Given information:

########

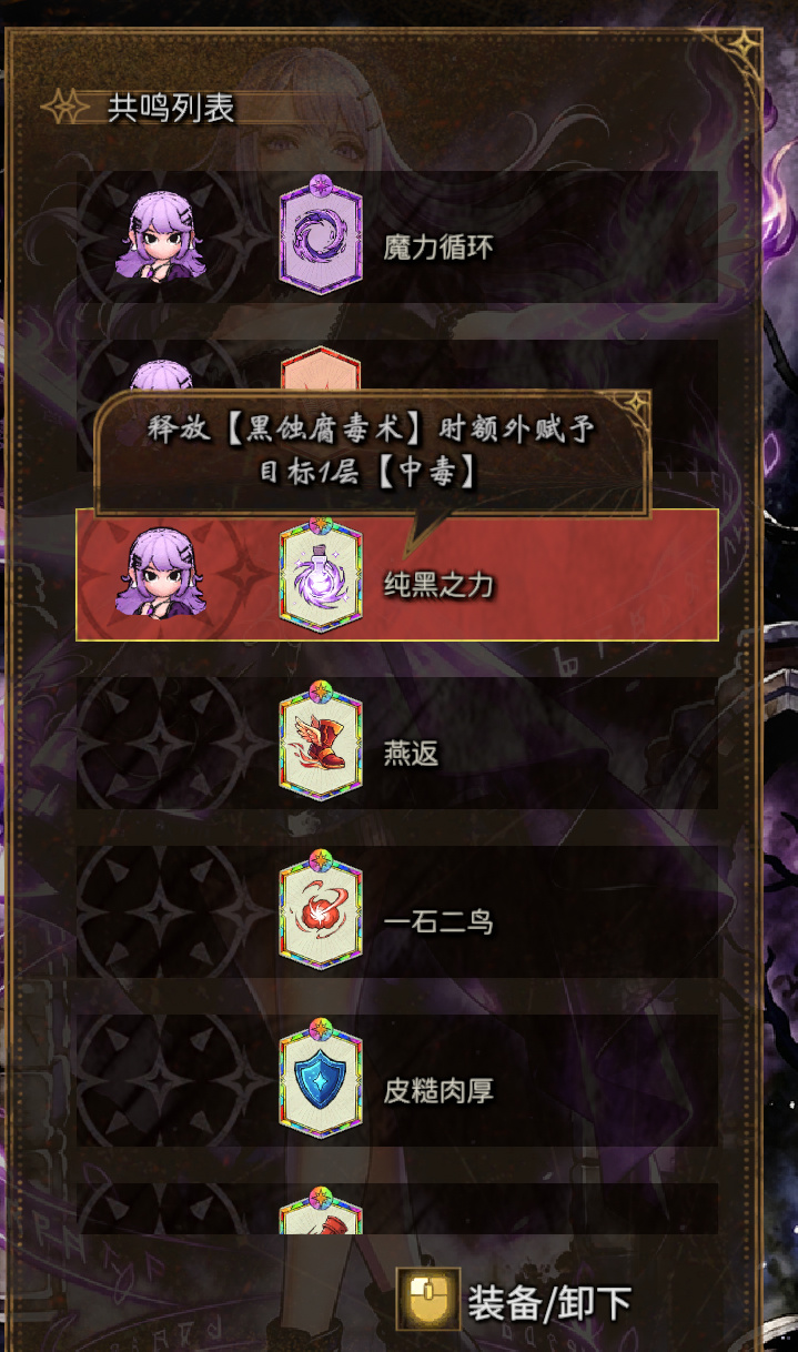 但这些共鸣随着序章角色离队(或死亡),在背包里不能用,直到游戏结束,也没找到解锁的方式。成纪念品了。
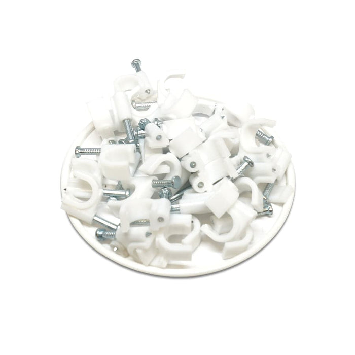 Nail In Cable Clips, Ethernet Cable Nails Tacks, Round, 8mm, 0.31", White, 100 Pieces - RNC8W
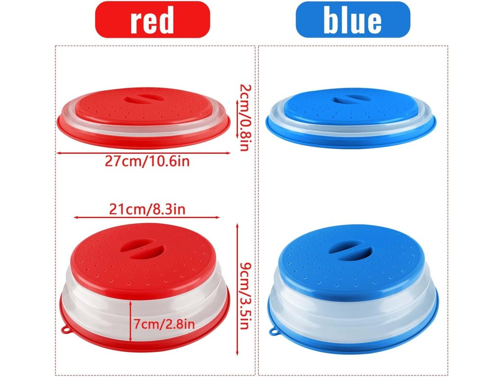Hlavní funkcí krytu je zabránit stříkání ohřívaných potravin uvnitř mikrovlnné trouby, čímž udrží vaši troubu čistou. Díky skládacímu designu můžete snadno nastavit výšku krytu na cca 2 cm ve složeném stavu (26,5 x 2 cm) pro úsporu místa při skladování. V rozloženém stavu má rozměry 26,5 x 8 cm.
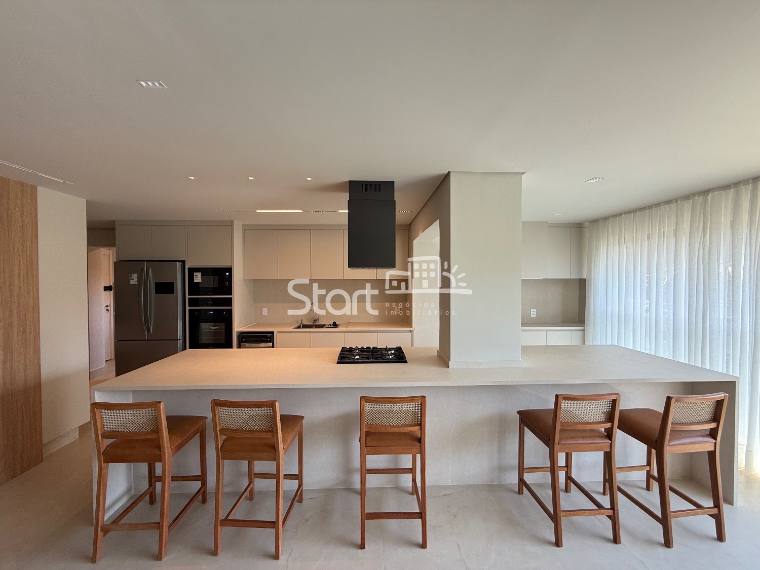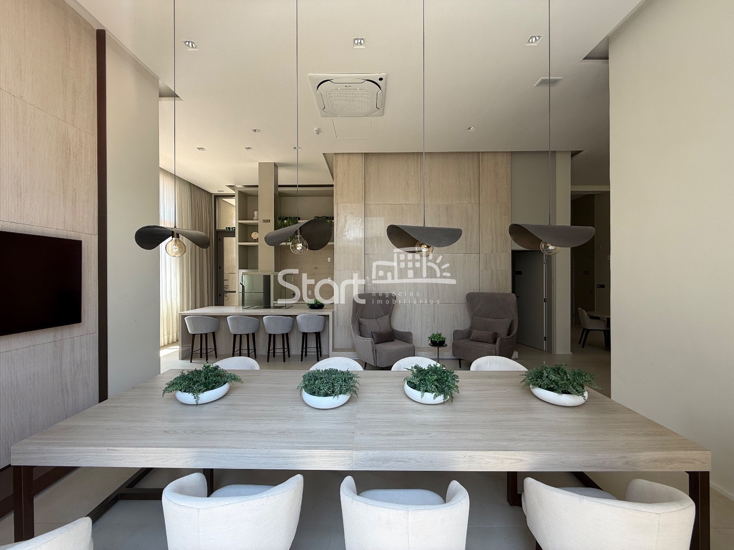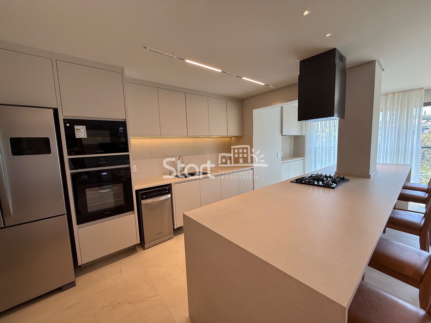 O imóvel é totalmente mobiliado e conta com acabamentos de primeira linha, incluindo piso porcelanato, iluminação embutida, ar condicionado em todos ambientes, eletrodomésticos e detalhes que garantem um toque sofisticado em cada ambiente.

########

What is being asked: Transcribe only the lines from the line holding "Nail In Cable" to the final line of the listing above. Keep them exact, include both ends, and skip the pictures.

Result of this task:
 Nail In Cable Clips, Ethernet Cable Nails Tacks, Round, 8mm, 0.31", White, 100 Pieces - RNC8W
Hlavní funkcí krytu je zabránit stříkání ohřívaných potravin uvnitř mikrovlnné trouby, čímž udrží vaši troubu čistou. Díky skládacímu designu můžete snadno nastavit výšku krytu na cca 2 cm ve složeném stavu (26,5 x 2 cm) pro úsporu místa při skladování. V rozloženém stavu má rozměry 26,5 x 8 cm.
 O imóvel é totalmente mobiliado e conta com acabamentos de primeira linha, incluindo piso porcelanato, iluminação embutida, ar condicionado em todos ambientes, eletrodomésticos e detalhes que garantem um toque sofisticado em cada ambiente.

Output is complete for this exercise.